Next, turning to endangered marine mammals, there is one CVM study from Greece valuing the Mediterranean monk seal and one similar CVM study from the U.S. valuing thenorthern elephant seal, both of which are members of the Phocidae ("true seals") family. The Total Economic Value of the Mediterranean monk seal was found by surveying local households in Mytilene, on the island of Lesvos, Greece in 1995. Respondents were willing to pay $24 every 3 months, so about $72 annually to avoid further loss of the seal (Langford et al., 1998). The study in the U.S. valuing the northern elephant seal surveyed California households in 1984 and found that respondents on average would pay $35 annually to avoid further loss of the species (Hageman, 1985). If we try to compare these values as a percentage of income, the difference becomes even more apparent. In the U.S. study mean annual income of respondents, when adjusted to the mean income in 2006, is a rather high $67,000. Although mean income of respondents is not reported in the Langford et al. study, the authors do point out that in terms of development, Mytilene at the time of the survey was somewhere between a developed city and a less developed settlement characteristic of the islets across the Aegean. It is highly unlikely that the income of respondents was any higher than the average in Greece at that time, which was much lower than $67,000. So again, it appears that the value placed on seals in Greece is higher than the value placed on seals in the U.S.   Next we look at another marine mammal, the sea otter. A study published in 1997 by White et al. surveyed households in North Yorkshire, Britain and finds an average lump sum WTP of $23 for a 25% gain in the species population. A similar U.S. study valuing the threatened California sea otter surveyed California households in 1984 and found an average annual WTP of $40 to avoid the further loss of the species (Hageman, 1985). Since the annual payment is greater than the lump sum payment, we can just look at the confidence intervals and since one estimate does not lie in the confidence interval of the other estimate, we can see that these values are significantly different. The value placed on the sea otter is higher in the U.S. than in Britain. However, the two studies differ in the change in population size being valued, which hinders comparability between the two.

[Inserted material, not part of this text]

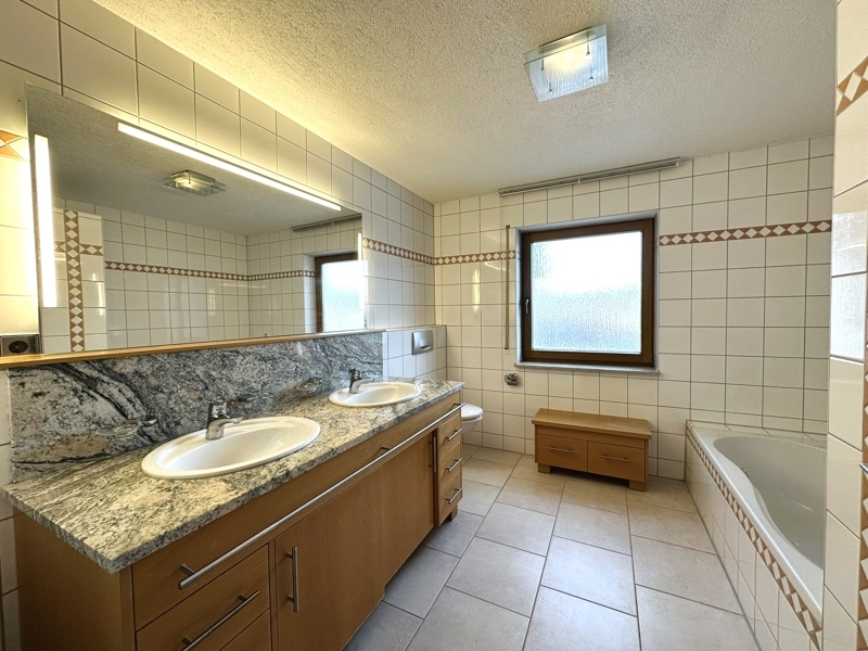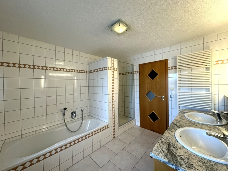 – Badezimmer im Obergeschoss mit Badewanne, Dusche, WC und zwei Waschbecken mit Unterschrank

Finally, we find two studies valuing the endangered sea turtle, one from the USA and one from Australia. Both studies surveyed households to find an annual WTP value for the respective sea turtle in each region using the same question format, allowing us to get a general comparison of the values. In the U.S. study, the economic value of the sea turtle is found to be about $19 annually (Whitehead, 1992) while in the Australia study the value is found to be about $43 annually (Wilson and Tisdell, 2007). There are no confidence intervals reported in these studies to test if these values are significantly different. However, given the fact that when WTP values differed between countries in the seal and sea otter cases by a factor of two and were significantly different, we suspect the sea turtle values would also be significantly different. A summary of these individual species comparisons can be found in Table 2.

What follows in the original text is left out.